Additive Control, 154 F.3d at 1529. EchoStar does not distinguish the present case from these holdings. Instead, EchoStar relies on (1) a non-precedential opinion and (2) an inapposite opinion in which the Federal Circuit reversed on a claim construction issue rather than a validity issue.

This Court is bound by the Federal Circuit’s clear holdings in KSM Fastening and Additive Controls. Therefore, all statements or arguments regarding the validity of the ’389 Patent, specifically paragraphs 225-67, must be stricken from Dr. Rhyne’s expert report. In addition, the parties shall be precluded from presenting evidence or argument concerning the validity of the ’389 Patent at the upcoming hearing.
IT IS SO ORDERED.
 
In reading the order, the Judge has ruled that Dish may not claim the patent invalid as a defense. He did not, as i parse his words, say that Dish could not argue against impermissible broadening of the original argument by Tivo.
 
In reading the order, the Judge has ruled that Dish may not claim the patent invalid as a defense. He did not, as i parse his words, say that Dish could not argue against impermissible broadening of the original argument by Tivo.

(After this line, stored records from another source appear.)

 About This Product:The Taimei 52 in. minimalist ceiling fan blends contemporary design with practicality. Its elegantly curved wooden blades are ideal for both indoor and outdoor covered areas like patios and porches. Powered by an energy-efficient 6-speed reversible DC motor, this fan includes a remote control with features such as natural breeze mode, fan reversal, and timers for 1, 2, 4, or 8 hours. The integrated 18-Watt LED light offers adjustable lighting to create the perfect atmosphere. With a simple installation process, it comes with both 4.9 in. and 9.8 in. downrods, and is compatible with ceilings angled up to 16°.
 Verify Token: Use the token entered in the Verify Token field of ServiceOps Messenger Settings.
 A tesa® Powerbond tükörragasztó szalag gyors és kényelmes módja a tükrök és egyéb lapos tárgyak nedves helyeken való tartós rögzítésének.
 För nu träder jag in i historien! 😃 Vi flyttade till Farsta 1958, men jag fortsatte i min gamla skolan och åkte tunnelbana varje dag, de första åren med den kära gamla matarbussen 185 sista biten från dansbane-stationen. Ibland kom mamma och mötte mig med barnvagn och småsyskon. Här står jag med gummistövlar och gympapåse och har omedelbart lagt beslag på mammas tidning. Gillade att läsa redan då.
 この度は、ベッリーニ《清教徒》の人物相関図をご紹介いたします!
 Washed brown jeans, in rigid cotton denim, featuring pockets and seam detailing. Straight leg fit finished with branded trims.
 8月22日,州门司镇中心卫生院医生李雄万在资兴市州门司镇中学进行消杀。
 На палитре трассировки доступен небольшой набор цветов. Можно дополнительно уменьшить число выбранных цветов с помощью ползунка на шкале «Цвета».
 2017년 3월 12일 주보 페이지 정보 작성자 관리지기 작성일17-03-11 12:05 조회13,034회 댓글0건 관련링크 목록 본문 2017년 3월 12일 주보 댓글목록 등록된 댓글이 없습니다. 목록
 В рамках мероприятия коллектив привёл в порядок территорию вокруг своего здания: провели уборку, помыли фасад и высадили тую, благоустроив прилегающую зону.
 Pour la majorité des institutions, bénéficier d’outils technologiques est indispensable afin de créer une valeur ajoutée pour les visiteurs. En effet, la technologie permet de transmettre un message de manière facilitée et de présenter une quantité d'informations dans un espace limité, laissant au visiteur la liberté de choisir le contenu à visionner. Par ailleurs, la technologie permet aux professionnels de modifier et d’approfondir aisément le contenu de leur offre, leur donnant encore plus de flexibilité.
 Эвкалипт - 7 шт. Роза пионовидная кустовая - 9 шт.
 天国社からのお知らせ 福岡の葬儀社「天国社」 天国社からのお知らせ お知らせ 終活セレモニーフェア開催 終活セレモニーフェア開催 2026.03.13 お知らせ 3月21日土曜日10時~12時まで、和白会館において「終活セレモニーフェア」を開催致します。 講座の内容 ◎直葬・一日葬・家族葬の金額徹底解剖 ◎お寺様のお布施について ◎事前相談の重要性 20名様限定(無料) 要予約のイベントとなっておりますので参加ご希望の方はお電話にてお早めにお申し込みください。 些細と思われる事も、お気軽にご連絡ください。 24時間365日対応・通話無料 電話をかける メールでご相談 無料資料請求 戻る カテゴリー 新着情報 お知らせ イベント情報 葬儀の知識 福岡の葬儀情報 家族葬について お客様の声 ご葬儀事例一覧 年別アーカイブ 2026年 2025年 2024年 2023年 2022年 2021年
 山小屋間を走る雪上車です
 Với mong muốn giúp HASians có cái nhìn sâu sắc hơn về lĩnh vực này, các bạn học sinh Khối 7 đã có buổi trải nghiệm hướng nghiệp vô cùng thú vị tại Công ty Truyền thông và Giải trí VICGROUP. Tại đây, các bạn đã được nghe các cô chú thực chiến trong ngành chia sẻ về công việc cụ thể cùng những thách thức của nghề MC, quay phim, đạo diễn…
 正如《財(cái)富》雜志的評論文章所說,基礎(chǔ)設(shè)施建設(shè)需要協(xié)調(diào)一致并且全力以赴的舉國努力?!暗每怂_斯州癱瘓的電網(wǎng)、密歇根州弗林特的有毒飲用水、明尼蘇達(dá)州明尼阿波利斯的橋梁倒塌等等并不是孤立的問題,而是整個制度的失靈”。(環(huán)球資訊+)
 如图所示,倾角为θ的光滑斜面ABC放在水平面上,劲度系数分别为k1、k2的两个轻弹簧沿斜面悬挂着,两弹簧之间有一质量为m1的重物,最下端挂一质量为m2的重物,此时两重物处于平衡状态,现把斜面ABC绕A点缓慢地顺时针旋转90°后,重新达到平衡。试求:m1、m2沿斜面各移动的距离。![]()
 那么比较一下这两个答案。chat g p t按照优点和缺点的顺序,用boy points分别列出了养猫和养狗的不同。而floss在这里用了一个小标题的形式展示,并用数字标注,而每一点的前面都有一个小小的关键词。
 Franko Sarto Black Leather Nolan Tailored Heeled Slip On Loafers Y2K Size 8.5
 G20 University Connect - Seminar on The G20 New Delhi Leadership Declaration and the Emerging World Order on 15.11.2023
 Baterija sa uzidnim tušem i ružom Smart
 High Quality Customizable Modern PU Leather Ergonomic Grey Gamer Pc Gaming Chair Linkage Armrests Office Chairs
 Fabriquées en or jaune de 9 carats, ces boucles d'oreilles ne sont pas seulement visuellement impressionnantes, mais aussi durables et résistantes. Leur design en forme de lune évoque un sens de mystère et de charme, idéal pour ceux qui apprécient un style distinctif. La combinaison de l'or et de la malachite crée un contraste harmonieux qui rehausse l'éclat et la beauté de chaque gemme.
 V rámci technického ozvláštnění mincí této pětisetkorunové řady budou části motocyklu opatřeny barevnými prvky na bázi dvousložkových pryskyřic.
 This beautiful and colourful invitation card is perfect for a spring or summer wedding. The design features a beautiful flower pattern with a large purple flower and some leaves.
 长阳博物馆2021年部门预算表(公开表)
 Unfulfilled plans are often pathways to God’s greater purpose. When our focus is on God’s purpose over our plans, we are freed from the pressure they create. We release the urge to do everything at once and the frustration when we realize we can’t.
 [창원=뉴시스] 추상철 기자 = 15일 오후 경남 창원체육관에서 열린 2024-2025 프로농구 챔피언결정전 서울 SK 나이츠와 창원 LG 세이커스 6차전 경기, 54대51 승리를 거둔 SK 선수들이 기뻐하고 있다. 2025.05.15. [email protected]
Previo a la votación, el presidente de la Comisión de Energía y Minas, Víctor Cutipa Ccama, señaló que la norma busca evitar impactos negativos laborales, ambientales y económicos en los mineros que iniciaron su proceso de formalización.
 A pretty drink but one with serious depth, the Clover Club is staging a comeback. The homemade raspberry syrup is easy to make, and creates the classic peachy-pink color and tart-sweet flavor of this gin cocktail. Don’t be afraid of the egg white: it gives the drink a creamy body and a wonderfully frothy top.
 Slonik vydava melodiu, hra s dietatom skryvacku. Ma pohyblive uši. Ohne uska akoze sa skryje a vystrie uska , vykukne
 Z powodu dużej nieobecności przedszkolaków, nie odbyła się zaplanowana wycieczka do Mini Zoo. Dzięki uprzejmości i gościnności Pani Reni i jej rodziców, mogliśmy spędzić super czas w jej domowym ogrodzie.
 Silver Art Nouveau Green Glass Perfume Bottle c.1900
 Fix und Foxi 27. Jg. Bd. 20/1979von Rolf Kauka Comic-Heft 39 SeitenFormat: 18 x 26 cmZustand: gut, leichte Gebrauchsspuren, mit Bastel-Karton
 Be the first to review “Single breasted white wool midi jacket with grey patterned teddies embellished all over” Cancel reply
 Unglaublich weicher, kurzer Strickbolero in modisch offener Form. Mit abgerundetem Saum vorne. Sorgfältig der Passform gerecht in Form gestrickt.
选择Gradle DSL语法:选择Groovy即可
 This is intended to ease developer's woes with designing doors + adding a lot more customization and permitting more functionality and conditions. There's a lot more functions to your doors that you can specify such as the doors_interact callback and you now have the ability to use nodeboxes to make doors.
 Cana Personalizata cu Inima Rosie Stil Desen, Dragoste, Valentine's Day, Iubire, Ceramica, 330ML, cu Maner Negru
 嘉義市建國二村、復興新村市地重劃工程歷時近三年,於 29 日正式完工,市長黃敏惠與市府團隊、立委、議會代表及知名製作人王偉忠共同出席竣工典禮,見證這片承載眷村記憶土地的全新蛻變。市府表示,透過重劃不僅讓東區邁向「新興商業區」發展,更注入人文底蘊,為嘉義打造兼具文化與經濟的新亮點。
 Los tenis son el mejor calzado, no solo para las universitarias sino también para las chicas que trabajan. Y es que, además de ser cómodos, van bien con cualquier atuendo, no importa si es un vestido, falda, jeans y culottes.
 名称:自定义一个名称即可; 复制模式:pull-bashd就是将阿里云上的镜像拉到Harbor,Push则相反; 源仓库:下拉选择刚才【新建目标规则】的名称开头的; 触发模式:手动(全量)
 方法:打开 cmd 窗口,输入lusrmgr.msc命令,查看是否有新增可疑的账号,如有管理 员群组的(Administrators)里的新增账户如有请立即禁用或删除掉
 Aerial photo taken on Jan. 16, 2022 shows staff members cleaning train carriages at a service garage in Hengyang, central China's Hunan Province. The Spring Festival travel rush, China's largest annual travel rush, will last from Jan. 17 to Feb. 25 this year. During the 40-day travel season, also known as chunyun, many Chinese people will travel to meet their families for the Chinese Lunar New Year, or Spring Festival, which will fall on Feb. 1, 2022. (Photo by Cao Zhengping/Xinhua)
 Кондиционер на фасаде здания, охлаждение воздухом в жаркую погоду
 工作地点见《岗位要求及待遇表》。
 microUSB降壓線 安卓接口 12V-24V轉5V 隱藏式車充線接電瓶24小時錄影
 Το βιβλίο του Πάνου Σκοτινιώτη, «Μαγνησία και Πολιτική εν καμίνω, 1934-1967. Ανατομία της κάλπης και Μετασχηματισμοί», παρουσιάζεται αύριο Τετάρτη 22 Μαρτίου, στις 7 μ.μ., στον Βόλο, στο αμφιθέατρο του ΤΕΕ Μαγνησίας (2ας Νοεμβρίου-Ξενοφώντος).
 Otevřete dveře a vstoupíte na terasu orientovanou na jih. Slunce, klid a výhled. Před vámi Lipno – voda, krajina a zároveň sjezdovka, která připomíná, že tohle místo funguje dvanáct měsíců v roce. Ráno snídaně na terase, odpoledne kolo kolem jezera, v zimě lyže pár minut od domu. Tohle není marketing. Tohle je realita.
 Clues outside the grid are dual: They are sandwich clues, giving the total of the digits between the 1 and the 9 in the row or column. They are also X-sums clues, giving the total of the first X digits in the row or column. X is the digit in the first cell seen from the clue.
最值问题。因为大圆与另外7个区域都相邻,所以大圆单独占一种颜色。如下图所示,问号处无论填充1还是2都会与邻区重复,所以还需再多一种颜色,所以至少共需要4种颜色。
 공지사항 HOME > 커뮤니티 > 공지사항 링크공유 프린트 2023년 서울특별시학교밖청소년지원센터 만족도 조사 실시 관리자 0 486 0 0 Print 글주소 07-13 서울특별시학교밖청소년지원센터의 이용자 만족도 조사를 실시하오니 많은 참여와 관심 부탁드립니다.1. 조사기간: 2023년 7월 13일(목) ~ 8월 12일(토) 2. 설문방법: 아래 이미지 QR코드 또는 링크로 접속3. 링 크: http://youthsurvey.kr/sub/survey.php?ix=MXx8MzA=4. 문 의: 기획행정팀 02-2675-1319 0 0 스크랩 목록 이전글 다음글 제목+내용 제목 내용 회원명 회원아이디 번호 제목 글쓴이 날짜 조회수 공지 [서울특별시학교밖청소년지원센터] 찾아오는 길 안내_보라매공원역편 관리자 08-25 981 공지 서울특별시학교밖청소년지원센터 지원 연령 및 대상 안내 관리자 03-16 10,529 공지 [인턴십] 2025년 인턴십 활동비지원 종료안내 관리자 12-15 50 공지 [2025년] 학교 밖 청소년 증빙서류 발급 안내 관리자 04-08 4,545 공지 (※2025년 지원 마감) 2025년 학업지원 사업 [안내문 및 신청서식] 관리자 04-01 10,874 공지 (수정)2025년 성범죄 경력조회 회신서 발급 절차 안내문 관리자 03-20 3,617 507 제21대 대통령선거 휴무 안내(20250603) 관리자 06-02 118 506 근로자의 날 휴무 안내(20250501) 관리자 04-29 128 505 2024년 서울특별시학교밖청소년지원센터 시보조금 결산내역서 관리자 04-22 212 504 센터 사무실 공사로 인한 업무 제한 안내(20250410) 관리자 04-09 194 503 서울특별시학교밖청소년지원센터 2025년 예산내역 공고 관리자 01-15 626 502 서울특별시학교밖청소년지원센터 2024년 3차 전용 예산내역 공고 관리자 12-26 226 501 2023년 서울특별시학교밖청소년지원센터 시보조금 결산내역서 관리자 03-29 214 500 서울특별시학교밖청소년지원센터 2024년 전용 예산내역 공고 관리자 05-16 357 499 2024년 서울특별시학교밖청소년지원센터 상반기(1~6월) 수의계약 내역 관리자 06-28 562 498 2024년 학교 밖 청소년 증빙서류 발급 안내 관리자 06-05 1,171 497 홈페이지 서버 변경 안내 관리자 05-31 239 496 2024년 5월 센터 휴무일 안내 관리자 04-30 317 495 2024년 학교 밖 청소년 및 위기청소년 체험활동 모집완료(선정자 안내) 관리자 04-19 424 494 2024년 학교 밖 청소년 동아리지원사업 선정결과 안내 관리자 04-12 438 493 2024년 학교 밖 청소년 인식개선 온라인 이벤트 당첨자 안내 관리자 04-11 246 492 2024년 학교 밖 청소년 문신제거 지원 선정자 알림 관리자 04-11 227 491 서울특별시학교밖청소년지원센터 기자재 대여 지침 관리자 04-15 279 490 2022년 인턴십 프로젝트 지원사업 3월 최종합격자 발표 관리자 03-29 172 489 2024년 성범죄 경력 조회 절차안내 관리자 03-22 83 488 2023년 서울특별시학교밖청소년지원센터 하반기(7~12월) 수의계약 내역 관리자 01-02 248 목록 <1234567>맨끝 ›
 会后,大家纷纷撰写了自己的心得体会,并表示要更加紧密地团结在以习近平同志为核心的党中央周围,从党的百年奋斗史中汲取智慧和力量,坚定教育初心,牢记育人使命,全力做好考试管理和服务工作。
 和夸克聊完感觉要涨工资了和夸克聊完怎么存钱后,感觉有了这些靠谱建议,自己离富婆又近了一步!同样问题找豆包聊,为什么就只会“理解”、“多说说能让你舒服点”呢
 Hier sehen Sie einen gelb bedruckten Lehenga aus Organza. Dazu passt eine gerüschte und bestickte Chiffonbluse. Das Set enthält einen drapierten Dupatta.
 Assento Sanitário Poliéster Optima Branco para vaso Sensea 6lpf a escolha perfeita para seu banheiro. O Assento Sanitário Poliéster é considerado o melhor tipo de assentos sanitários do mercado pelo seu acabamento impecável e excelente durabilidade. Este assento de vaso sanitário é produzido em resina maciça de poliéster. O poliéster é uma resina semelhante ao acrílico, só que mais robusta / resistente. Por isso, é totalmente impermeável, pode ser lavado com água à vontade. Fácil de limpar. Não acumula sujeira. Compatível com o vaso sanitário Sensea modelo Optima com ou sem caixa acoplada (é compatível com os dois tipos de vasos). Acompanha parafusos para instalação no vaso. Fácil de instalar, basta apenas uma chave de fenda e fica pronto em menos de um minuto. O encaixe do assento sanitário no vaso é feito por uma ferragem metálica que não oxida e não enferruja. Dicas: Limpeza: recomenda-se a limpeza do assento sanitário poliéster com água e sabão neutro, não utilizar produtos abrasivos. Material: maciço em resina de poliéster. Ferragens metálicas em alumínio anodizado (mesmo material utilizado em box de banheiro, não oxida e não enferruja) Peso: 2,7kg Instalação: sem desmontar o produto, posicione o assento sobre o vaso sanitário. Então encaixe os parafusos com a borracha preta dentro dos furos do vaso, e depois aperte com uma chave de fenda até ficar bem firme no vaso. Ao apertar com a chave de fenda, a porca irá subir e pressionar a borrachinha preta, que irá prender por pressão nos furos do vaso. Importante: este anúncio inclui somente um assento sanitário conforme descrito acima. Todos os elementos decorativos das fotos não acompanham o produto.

In a contempt proceeding, it is a common strategy for the defendant to argue that the patentee is trying to broaden the patent limitations from what were construed in the original trial, and if the judge agrees, the contempt motion will be denied, and sometimes even the injunction may be dissolved.
 
In reading the order, the Judge has ruled that Dish may not claim the patent invalid as a defense. He did not, as i parse his words, say that Dish could not argue against impermissible broadening of the original argument by Tivo.
Irrelevant. The only things that are relevant are the words in the patent claims, the claim construction definitions of those words, and this hearing's expert testimony on the similarity of the DVRs to the patent claims and the unmodified DVRs.
 
And I sit here and read all the legal mumbo jumbo and smoke and mirrors and think to myself (in a VERY self centered way)...."hmmmm... if the 508 is found to be in violation, could I get a new 612 out of this?"

hehehehe
 
Irrelevant. The only things that are relevant are the words in the patent claims, the claim construction definitions of those words, and this hearing's expert testimony on the similarity of the DVRs to the patent claims and the unmodified DVRs.

Except TiVo believes it is relavent to expand the patent claims to cover all MPEG receivers, DVR or not.
 
Except TiVo believes it is relavent to expand the patent claims to cover all MPEG receivers, DVR or not.
Only these devices are the subject of the hearing: DP-501, DP-508, DP-510, DP-522, DP-625, DP-721, DP-921, and DP-942. TiVo has not asked for the list to be expanded. Moreover, it is not within TiVo's power to expand the patent claims or the claims construction. They are the law of the case. They say what they say.